Official statisticians have been using a diversity of data sources in the production of official 
statistics for decades, including “designed” data sources such as censuses and surveys, 
and “found” data sources such as administrative and transactional data. 


As a result of more and more interaction with digital technologies by citizens, and the 
increasing capability of these technologies to provide digital trails, new sources of data have 
emerged and are increasingly available to official statisticians. Such sources include data 
from sensor networks and tracking devices e.g. satellites and mobiles phones, behaviour 
metrics e.g. search engine queries, and on-line opinion e.g. social media commentaries. 
The collective term for such data sources is Big Data. 


Whilst Big Data have the potential to create a rich, dynamic and focussed picture of 
Australia for informed decision making, and to improve the efficiency in the production of 
official statistics, this paper contends that there are a number of issues that an official 
statistician has to consider before deciding if a particular source from Big Data can be used 
for the regular production of official statistics. 


A principal decision is business need and business benefit. This includes consideration of 
whether the new data source will improve the offerings of an existing statistical series, or 
plug statistical data gaps e.g. increasing the frequency of release, improving the richness of 
details such as small area or small population group statistics, or providing new official 
statistics that cannot be cost effectively provided using existing data sources. It also 
includes assessment of the business case in using the new data source, such as whether 
there will be a reduction of cost in the statistical production or reduction in provider load, and 
assessment of the quality of statistics produced from Big Data using Data Quality 
frameworks, against the benefits to be provided from the new source. 


Another key decision is the validity of statistical inferences from Big Data. Big Data, 
depending on the source, suffer from one or more statistical biases, e.g. coverage bias, 
representational bias or self-selection biases, and measurement errors. Unlike errors due to 
sampling, the magnitude of these types of error will not be reduced by increasing the size of 
the data set. 


The challenge for official statisticians is to develop a suitable methodology for analysing 
such data sets so that any conclusions drawn from the analysis are valid statistically. Firstly, 
official statisticians need a methodology to address any bias from Big Data, and secondly, a 
methodology in using Big Data to produce fit-for-purpose official statistics. 

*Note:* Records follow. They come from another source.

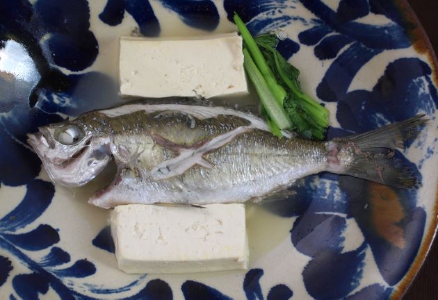 クロサギのまーす煮 水洗いして、水分をよくきる。これを強めの塩水で煮上げる。豆腐と一緒に煮るとご馳走になる。本種本来の皮目や身のうまさ、まただしのうまさが楽しめる。沖縄では本体よりも豆腐の方が主役という人もいる。それほど魚のうま味を吸収した豆腐はうまい。クリックで閉じます![]()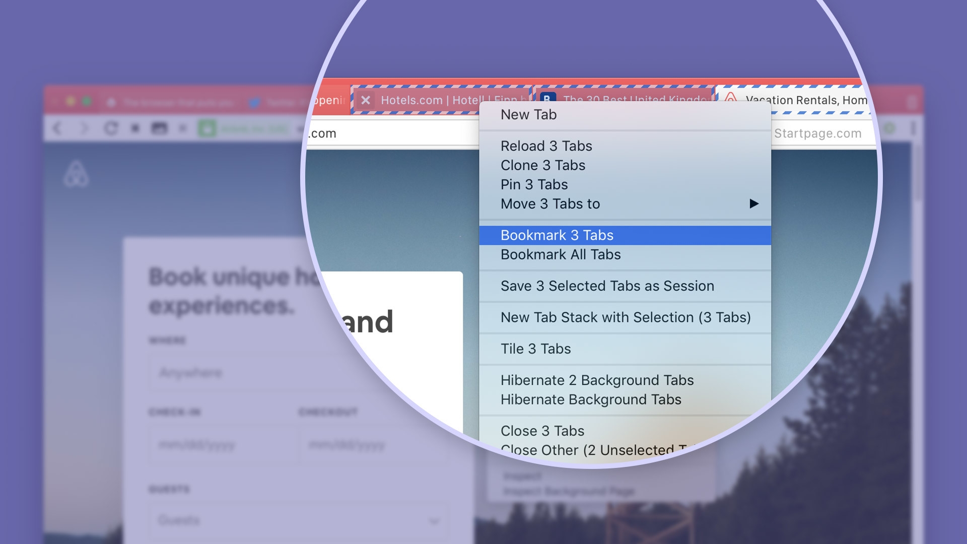 シフトまたはCtrlキーを押しながらいくつかのタブを選択したら、コンテキストメニュー(右クリック)かクイックコマンドまたは専用のキーボードショートカットを使って、複数のタブをまとめてブックマークできます。ブックマークは、タイムスタンプが名前になったフォルダに保存されます。もちろん、後からブックマークマネージャーで編集も可能です。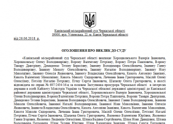 Канівський міськрайонний суд Черкаської області викликає Хорошковського Валерія Івановича, Хорошковську Олену Володимирівну, Ворону Валентину Петрівну, Ворону Петра Павловича, Ворону Тамару Дмитрівну, Демиденко Тетяну Борисівну, Іванину Володимира Олексійовича, Іванину Ганну Володимирівну, Іванину Миколу Олексійовича, Іванину Наталію Володимирівну, Іванину Ніну Миколаївну, Іванину Олексія Якимовича, Іванюту Владислава Олексійовича, Кикоть Антоніну Іванівну, Кикоть Валентину Миколаївну, Кикоть Миколу Сидоровича, Личмана Івана Григоровича, Маслій Олену Олексіївну, Петієву Наталію Петрівну, Пічку Сергія Івановича, Шалаєву Олега Григоровича, в якості відповідача по справі № 697/2434/16-ц за позовом Заступника прокурора Черкаської області в інтересах держави в особі Кабінету Міністрів України та Черкаської обласної державної адміністрації до Канівської районної державни адміністрація Черкаської області, Хорошковського Валерія Івановича, Хорошковської Олени Володимирівни, Ворони Валентини Петрівни, Ворони Петра Павловича, Ворони Тамари Дмитрівни, Демиденко Тетяни Борисівни, Іванини Володимира Олексійовича, Іваниної Ганни Володимирівни, Іванини Миколи Олексійовича, Іваниної Наталії Володимирівни, Іваниної Ніни Миколаївни, Іванини Олексія Якимовича, Іванюти Владислава Олексійовича, Кикоть Антоніни Іванівни, Кикоть Валентини Миколаївни, Кикотя Миколи Сидоровича, Личмана Івана Григоровича, Маслій Олени Олексіївни, Петієвої Наталії Петрівни, Пічки Сергія Івановича, Шалаєва Олега Григоровича, Яковенко Валентини Юріївни, Яковенко Ганни Ігорівни, Яковенко Людмили Олексіївни, Шпака Вадима Сергійовича, Шпак Ніни Давидівни, Шпака Володимира Петровича, Шпак Тетяни Юріївни, Шпак Валентини Іванівни, Шпака Сергія Петровича, Покотило Катерини Григорівни, Рудь Олександра Олексійовича, Шпак Раїси Іванівни, Семенюк (Маркушевої) Людмили Іванівни, Марченка Миколи Сергійовича, Северин Василя Івановича, Дишлюка Сергія Олександровича, Литвин Тамари Василівни, Дишлюк Надії Миколаївни, треті особи: сектор містобудування архітектури, житлово-комунального господарства, та з питань цивільного захисту Канівської РДА, Управління екології та природних ресурсів Черкаської обласної державної адміністрації, Управління Державного нагляду за дотриманням санітарного законодавства Головного управління Держпродспоживслужби в Черкаській області, Головне управління Держгеокадастру в Черкаській області, Управління культури Черкаської обласної державної адміністрації, Черкаське обласне управління лісового та мисливського господарства про визнання розпорядження недійсним та витребування земельної ділянки про визнання розпорядження недійсним та витребування земельних ділянок в судове засідання, яке відбудеться 24.07.2018 року о 11 год. 00 хв. . в приміщенні суду за адресою: Черкаська область, м. Канів, вул. Успенська, 22.
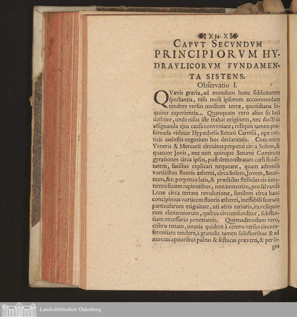 Capvt Secvndvm Principiorvm Hydravlicorvm Fvndamenta Sistens.

A Bayesian inference framework is adopted in this paper to assess the conditions under 
which valid statistical inference can be drawn from Big Data. The conditions are similar to 
those for making valid statistical inference from survey data: that any underlying process for 
the inclusion or exclusion of information from the Big Data source is independent of that 
information per se. 


By treating Big Data as auxiliary information, and integrating census and survey data — 
ground truth data — with Big Data, this paper also provides a Bayesian method for using new 
data sources to produce official statistics. For count data, a dynamic logistic regression 
model is used. For continuous data, a dynamic linear model is described. The dynamic 
logistic model is applied to the theoretical analysis of satellite imagery data for the prediction 
of crop growing areas in Australia. 


Other relevant issues for the official statistician to consider when deciding if a particular 
source from Big Data is to be used for the production of official statistics are: privacy and 
public trust, data ownership and access, computation efficiency and technology 
infrastructure. 


Until recently, the Australian Bureau of Statistics’ (ABS) progress in Big Data domain has 
been primarily review and monitoring of industry developments while contributing to external 
strategic and concept development activities. This paper summarises the ABS Big Data 
Strategy with objectives to build an integrated multifaceted capability for systematically 
exploiting the potential value of Big Data for official statistics. 


This paper also describes the ABS Big Data Flagship Project, which has been established to 
provide the opportunity for the ABS to gain practical experience in assessing the business, 
statistical, technical, computational and other issues related to Big Data as outlined earlier in 
this paper. In addition, ABS participation in national and international activities on Big Data 
will help it share experience and knowledge, and collaboration with academics will help ABS 
better acquire the capability addressing business problems using Big Data as a part of the 
statistical solution. 


About this Release 


Whilst Big Data have the potential to improve the statistical production and statistical 
offerings, this paper outlines the issues that need to be considered by the official statistician, 
before a particular Big Data source can be used for the regular production of official 
statistics. In addition, the paper outlines Bayesian methods for analysing Satellite imagery 
data, and also the ABS strategies and initiatives on Big Data.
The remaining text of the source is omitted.